The Differences Between Line Editing, Copy Editing, and Proofreading

From Jane Friedman:

Editors disagree about many of the finer points of their work such as whether to capitalize the word president (no, generally, but yes with President Lincoln), whether to spell out numbers (some styles say yes to every number lower than 10 or lower than 100), or whether to use the serial comma that preceded this clause (Chicago Manual of Style says yes). Some purists would argue that this post’s headline should read among instead of between. But I digress.

Editors also disagree about whether to start a sentence with And. And of course editors disagree about what constitutes the levels of editing that are often labeled copy editing, line editing, and proofreading—or just simply editing.

For guidance, I turned to the authority, the Chicago manual. Yet even that widely accepted all-knowing guide doesn’t make a distinction among editing levels: “Manuscript editing, also called copy editing or line editing, requires attention to every word and mark of punctuation in a manuscript, a thorough knowledge of the style to be followed, and the ability to make quick, logical, and defensible decisions.”
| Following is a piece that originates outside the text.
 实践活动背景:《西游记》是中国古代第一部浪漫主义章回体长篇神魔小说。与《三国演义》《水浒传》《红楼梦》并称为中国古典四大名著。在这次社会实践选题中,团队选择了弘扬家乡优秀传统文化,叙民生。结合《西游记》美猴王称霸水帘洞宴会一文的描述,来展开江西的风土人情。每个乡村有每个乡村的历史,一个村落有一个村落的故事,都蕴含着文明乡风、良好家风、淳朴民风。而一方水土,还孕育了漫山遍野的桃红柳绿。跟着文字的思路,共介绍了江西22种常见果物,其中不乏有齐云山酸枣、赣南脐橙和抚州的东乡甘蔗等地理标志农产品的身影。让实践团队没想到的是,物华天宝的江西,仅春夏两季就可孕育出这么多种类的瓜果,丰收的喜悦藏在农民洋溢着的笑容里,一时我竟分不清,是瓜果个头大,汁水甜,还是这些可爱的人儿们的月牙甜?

New authors are often confused about what level of editing they need, and rightly so. I hope to offer insight into the differences between line editing, copy editing, and proofreading.

. . . .

What to Expect with a Line Edit

In a line edit, an editor examines every word and every sentence and every paragraph and every section and every chapter and the entirety of your written manuscript. Typos, wrong words, misspellings, double words, punctuation, run-on sentences, long paragraphs, subheadings, chapter titles, table of contents, author bios—everything is scrutinized, corrected, tracked, and commented on.
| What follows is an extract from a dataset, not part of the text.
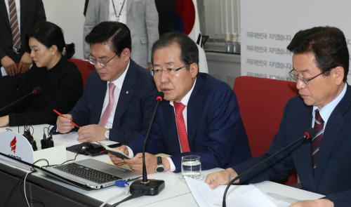 | 자유한국당 홍준표 대표가 11일 오전 국회에서 열린 최고위원회의에서 발언하고 있다. 사진=연합뉴스 |

Facts are checked, name spellings of people and places are confirmed. This is the type of edit I perform most often.

Your editor will likely do the following:

  • Conduct heavier fact checking (for example, exact titles of movies in italics, death date of a famous person in history, the protagonist was using an iPhone before they were invented).
  • Make suggestions about moving or removing text (or actually doing the task and explaining in a marginal note why).
  • Initiate a discussion about why the dreary Introduction could be cut.
  • Offer a new scheme for moving a chapter or two around to better accommodate a time line. (Actually doing the moving and writing transitions might fall into the category of developmental edit or left to the author to do.)
  • Query the author in a marginal note about why Susan in chapter 2 was wearing a winter coat when the scene takes place in summer. Or whether the author intended for the detective described earlier with a full beard to be scratching his stubble.
  • Point out repetition and inconsistencies in the story line. But not rewriting. Actually revise awkward sentences, break up long sentences, streamline sentences with clauses and parentheticals. Recast sentences that begin with There are and It is. Those constructions are simply not strong. That’s why line editing is considered a sentence-level type of edit.
  • Substitute stronger words for the commonly overused words (very, pretty, things, great, and good are my pet peeves).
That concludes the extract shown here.